START EXERCISE DATA

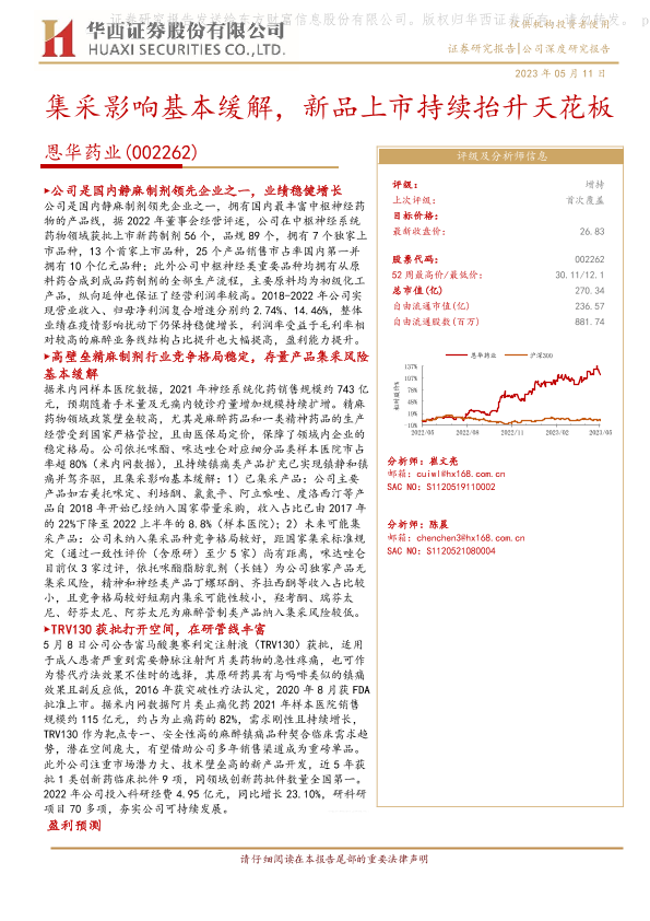 【华西证券】【20230511】集采影响基本缓解,新品上市持续抬升天花板-25页
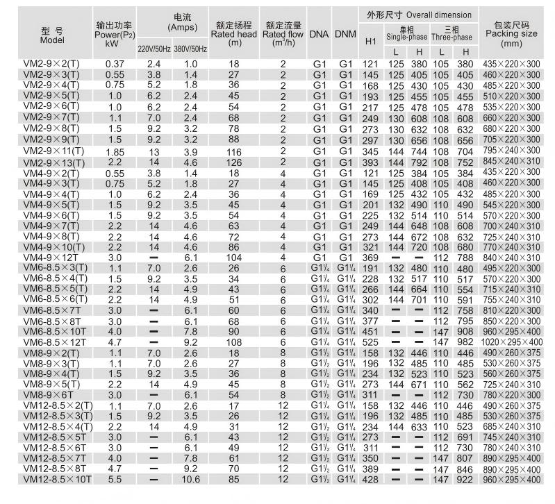 VM2-9X2(T)عيار مستورد (DN) :
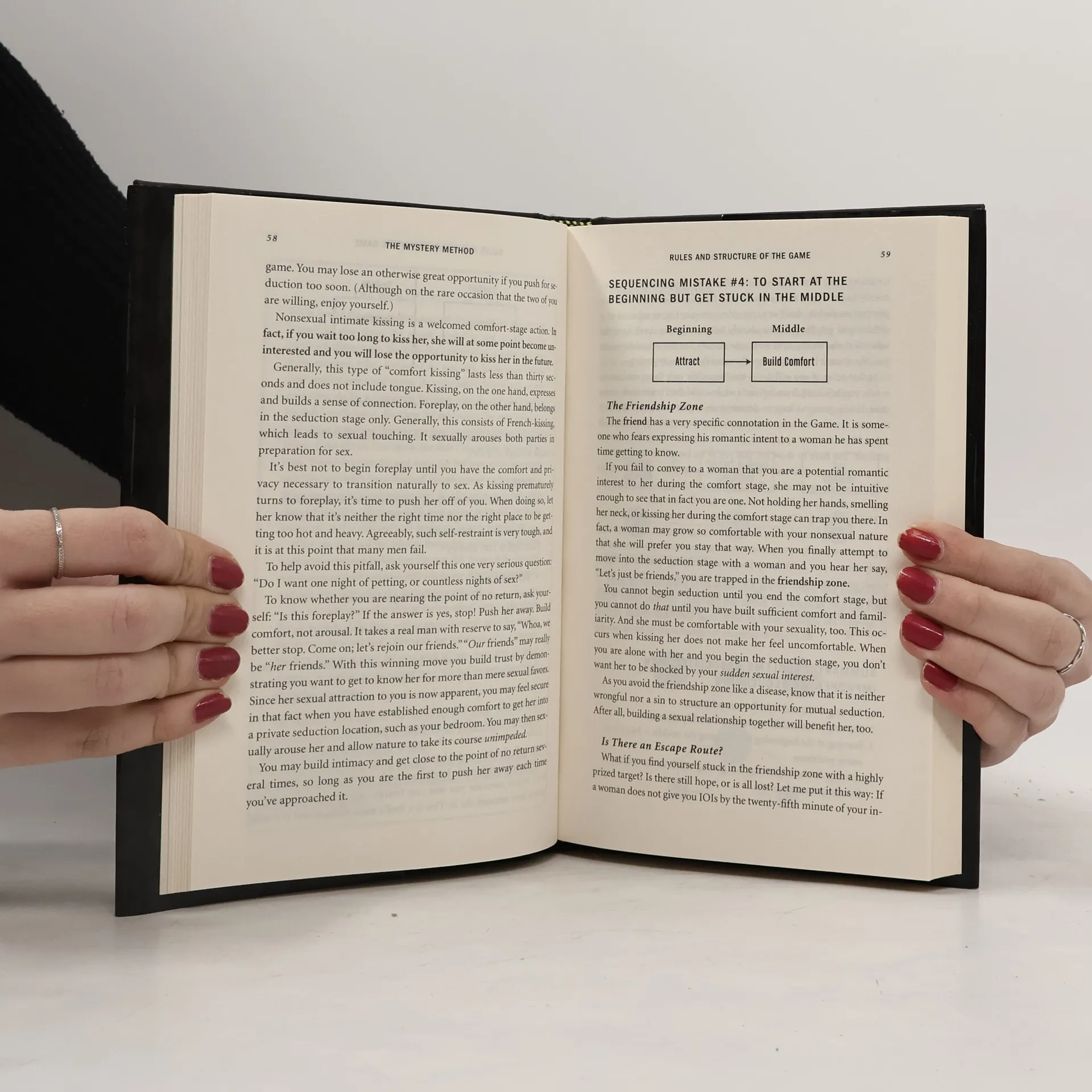 “One of the most admired men in the world of seduction” (The New York Times) teaches average guys how to approach, attract and begin intimate relationships with beautiful women For every man who always wondered why some guys have all the luck, Mystery, considered by many to be the world’s greatest pickup artist, finally reveals his secrets for finding and forming relationships with some of the world’s most beautiful women. Mystery gained mainstream attention for his role in Neil Strauss’s New York Times bestselling exposé, The Game. Now he has written the definitive handbook on the art of the pickup. He developed his unique method over years of observing social dynamics and interacting with women in clubs to learn how to overcome the guard shield that many women use to deflect come-ons from "average frustrated chumps." The Mystery Method: How to Get Beautiful Women Into Bed shares tips such as: *Give more attention to her less attractive friend at first, so your target will get jealous and try to win your attention. *Always approach a target within 3 seconds of noticing her. If a woman senses your hesitation, her perception of your value will be lower. *Don't be picky. Approach as many groups of people in a bar as you can and entertain them with fun conversation. As you move about the room, positive perception of you will grow. Now it's easy to meet anyone you want. *Smile. Guys who don't get laid, don't smile.

END EXERCISE DATA

The response must match the data line for line, from its first line through the line with "VM2-9X2(T)عيار مستورد (DN)", inclusive, and must leave out the pictures.

 【华西证券】【20230511】集采影响基本缓解,新品上市持续抬升天花板-25页
 VM2-9X2(T)عيار مستورد (DN) :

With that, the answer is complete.